Dégradation avancée…
En effet, des opérateurs économiques avaient saisi la perche qui leur avait été tendue. Pour décliner les obstacles qui plombent le bon fonctionnement de leur activité. Et qui leur font perdre d’importantes devises. Ils ont évoqué par exemple la dégradation des voiries qui leur fait perdre à peu près de 300 millions Fcfa. Tandis que les surcoûts logistiques atteignent environ 20 %.
Aussi ont-ils évoqué l’usure prématurée des véhicules. Également ont-ils pointé du doigt l’inaccessibilité de certains sites industriels. L’étroitesse des voies de circulation, le manque d’espaces de stationnement. Et des problèmes récurrents d’approvisionnement en énergie.
Au regard de la gravité de la situation. Le directeur général de la Magzi a dit toute sa détermination à travailler pour trouver des solutions. « Ce que j’ai vu m’a sidéré. C’est tout simplement inimaginable. Les entreprises pensent que la Magzi ne veut pas aménager ces zones ».

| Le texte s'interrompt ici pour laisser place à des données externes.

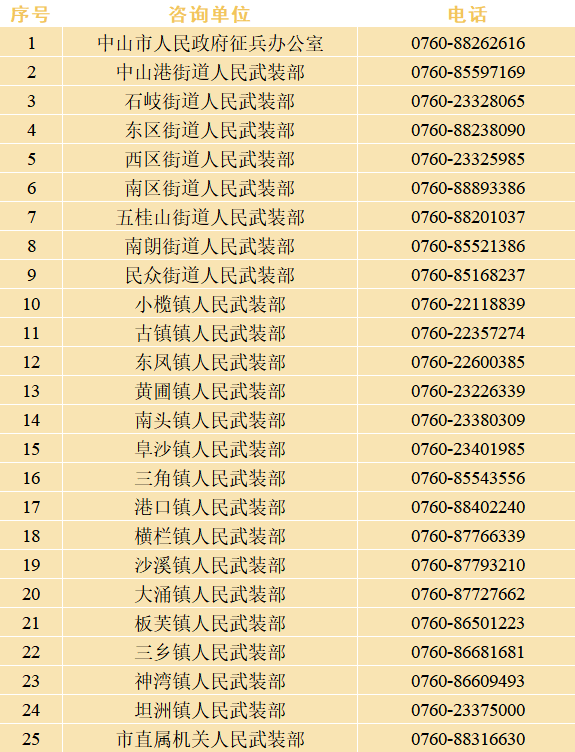 2025年全國(guó)征兵(男兵)應(yīng)征報(bào)名已于12月1日開(kāi)始。記者從中山市人民政府征兵辦公室獲悉,即日起,符合條件的青年可通過(guò)官方渠道報(bào)名參軍,對(duì)于征兵政策和流程存有疑問(wèn)的市民,可通過(guò)撥打各鎮(zhèn)街征兵咨詢(xún)電話(huà)獲得詳細(xì)解答。 應(yīng)征報(bào)名(男兵) 應(yīng)征報(bào)名提示:男兵報(bào)名前須完成兵役登記 全國(guó)征兵(男兵)2025年應(yīng)征報(bào)名時(shí)間 上半年應(yīng)征報(bào)名:2024年12月1日至2025年2月10日24時(shí) 下半年應(yīng)征報(bào)名:2024年12月1日至2025年8月10日24時(shí) 男兵應(yīng)征報(bào)名對(duì)象 高中(含中專(zhuān)、職高、技校)畢業(yè)生及以上文化程度的青年(含高校在校生),年滿(mǎn)18至22周歲(2003年1月1日——2007年12月31日出生);普通高等學(xué)校本專(zhuān)科畢業(yè)生、上半年符合畢業(yè)條件的畢業(yè)班學(xué)生,年滿(mǎn)18至24周歲;研究生畢業(yè)生及在校生放寬至26周歲;初中畢業(yè)文化程度男青年,年滿(mǎn)18至20周歲。 應(yīng)征報(bào)名(女兵) 全國(guó)征兵(女兵)2025年應(yīng)征報(bào)名時(shí)間 上半年應(yīng)征報(bào)名:2025年1月1日至2025年2月10日24時(shí) 下半年應(yīng)征報(bào)名:2025年7月1日至2025年8月10日24時(shí) 女兵應(yīng)征報(bào)名對(duì)象 上半年應(yīng)征報(bào)名:普通高等學(xué)校和科研機(jī)構(gòu)全日制應(yīng)屆畢業(yè)生及在校生,年滿(mǎn)18至22周歲(2003年1月1日——2007年12月31日出生),全日制研究生應(yīng)屆畢業(yè)生及在校生放寬至26周歲;2024年普通高等學(xué)校全日制本專(zhuān)科應(yīng)屆畢業(yè)生可以報(bào)名參加2025年上半年女兵征集,年齡放寬至23周歲。 下半年應(yīng)征報(bào)名:普通高中應(yīng)屆畢業(yè)生、普通高等學(xué)校和科研機(jī)構(gòu)全日制應(yīng)屆畢業(yè)生及在校生,年滿(mǎn)18至22周歲(2003年1月1日——2007年12月31日出生),全日制研究生應(yīng)屆畢業(yè)生及在校生放寬至26周歲。 報(bào)名方式 報(bào)名方式征兵報(bào)名官方網(wǎng)站:全國(guó)征兵網(wǎng) www.gfbzb.gov.cn 軍隊(duì)媒體移動(dòng)旗艦客戶(hù)端:中國(guó)軍號(hào)App 中山各鎮(zhèn)街征兵咨詢(xún)電話(huà)

« Mais la réalité est qu’elle n’en a pas les moyens. Elle ne peut pas compter sur ses propres ressources, qui sont tout simplement dérisoires. Nous sommes à la recherche d’autres pistes de solutions », dira-t-il.
Mobilisation des financements
Non sans inviter les entreprises à renforcer leur collaboration. Avec la Magzi afin d’apporter des réponses immédiates aux difficultés les plus urgentes. Tout ceci en attendant la mobilisation de financements plus importants pour la réhabilitation complète de la zone.
Une étude réalisée par l’ONUDI entre 2024 et 2025 auprès de 200 entreprises industrielles camerounaises. Atteste de ce que la zone industrielle de Bonabéri demeure la plus importante du pays. Parmi les entreprises enquêtées, 36 sont installées à Bonabéri, soit près de 19,8 % de l’échantillon.
Ainsi donc, les performances économiques de cette zone illustrent son poids stratégique. Sur les 36 milliards Fcfa de chiffre d’affaires cumulés par les 200 entreprises étudiées. 21 milliards Fcfa sont générés par les seules entreprises de Bonabéri. Plus impressionnant encore, la zone représente 68,6 % des exportations du Cameroun. Confirmant son rôle central dans l’économie nationale.